⟨

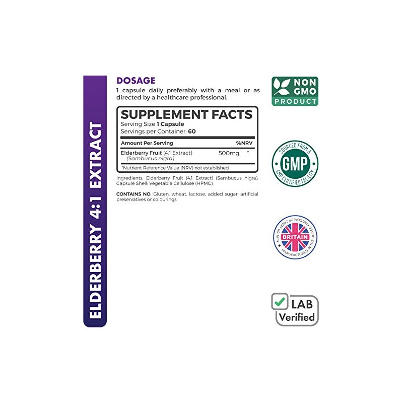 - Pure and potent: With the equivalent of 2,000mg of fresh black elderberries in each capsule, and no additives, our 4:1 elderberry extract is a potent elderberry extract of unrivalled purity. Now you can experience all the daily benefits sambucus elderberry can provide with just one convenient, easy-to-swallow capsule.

⟩
⟨

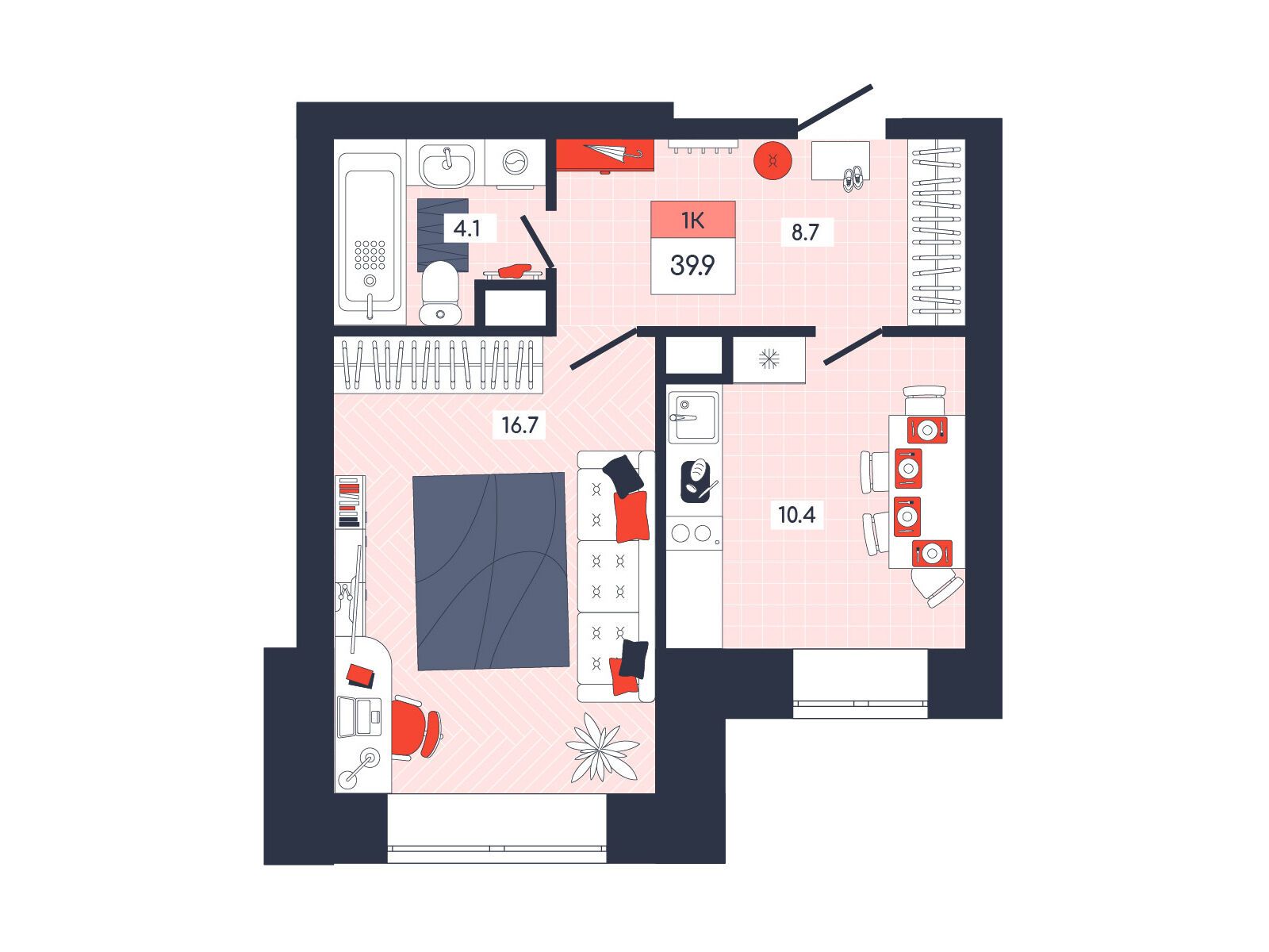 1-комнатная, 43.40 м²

⟩
⟨

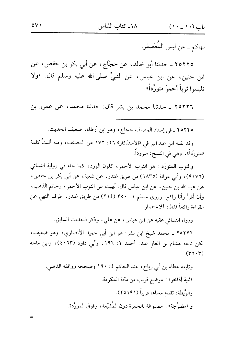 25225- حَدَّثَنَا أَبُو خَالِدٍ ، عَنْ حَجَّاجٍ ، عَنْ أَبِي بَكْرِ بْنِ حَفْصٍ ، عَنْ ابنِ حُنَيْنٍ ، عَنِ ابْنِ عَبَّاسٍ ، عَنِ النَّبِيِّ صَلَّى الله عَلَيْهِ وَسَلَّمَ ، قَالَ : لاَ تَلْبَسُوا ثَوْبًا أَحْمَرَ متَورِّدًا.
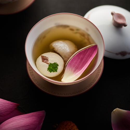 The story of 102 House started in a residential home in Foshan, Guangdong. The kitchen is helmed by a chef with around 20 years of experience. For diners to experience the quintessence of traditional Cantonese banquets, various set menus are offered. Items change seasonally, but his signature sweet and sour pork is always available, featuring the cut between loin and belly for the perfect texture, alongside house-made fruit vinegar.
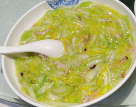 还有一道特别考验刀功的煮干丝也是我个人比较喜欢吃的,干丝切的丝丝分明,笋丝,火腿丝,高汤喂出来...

⟩

Task goal: Starting at the line containing "25225- حَدَّثَنَا أَبُو" and stopping at the line containing "还有一道特别考验刀功的煮干丝", output every line above exactly, both ends included, with pictures omitted.

Response area:
 25225- حَدَّثَنَا أَبُو خَالِدٍ ، عَنْ حَجَّاجٍ ، عَنْ أَبِي بَكْرِ بْنِ حَفْصٍ ، عَنْ ابنِ حُنَيْنٍ ، عَنِ ابْنِ عَبَّاسٍ ، عَنِ النَّبِيِّ صَلَّى الله عَلَيْهِ وَسَلَّمَ ، قَالَ : لاَ تَلْبَسُوا ثَوْبًا أَحْمَرَ متَورِّدًا.
 The story of 102 House started in a residential home in Foshan, Guangdong. The kitchen is helmed by a chef with around 20 years of experience. For diners to experience the quintessence of traditional Cantonese banquets, various set menus are offered. Items change seasonally, but his signature sweet and sour pork is always available, featuring the cut between loin and belly for the perfect texture, alongside house-made fruit vinegar.
 还有一道特别考验刀功的煮干丝也是我个人比较喜欢吃的,干丝切的丝丝分明,笋丝,火腿丝,高汤喂出来...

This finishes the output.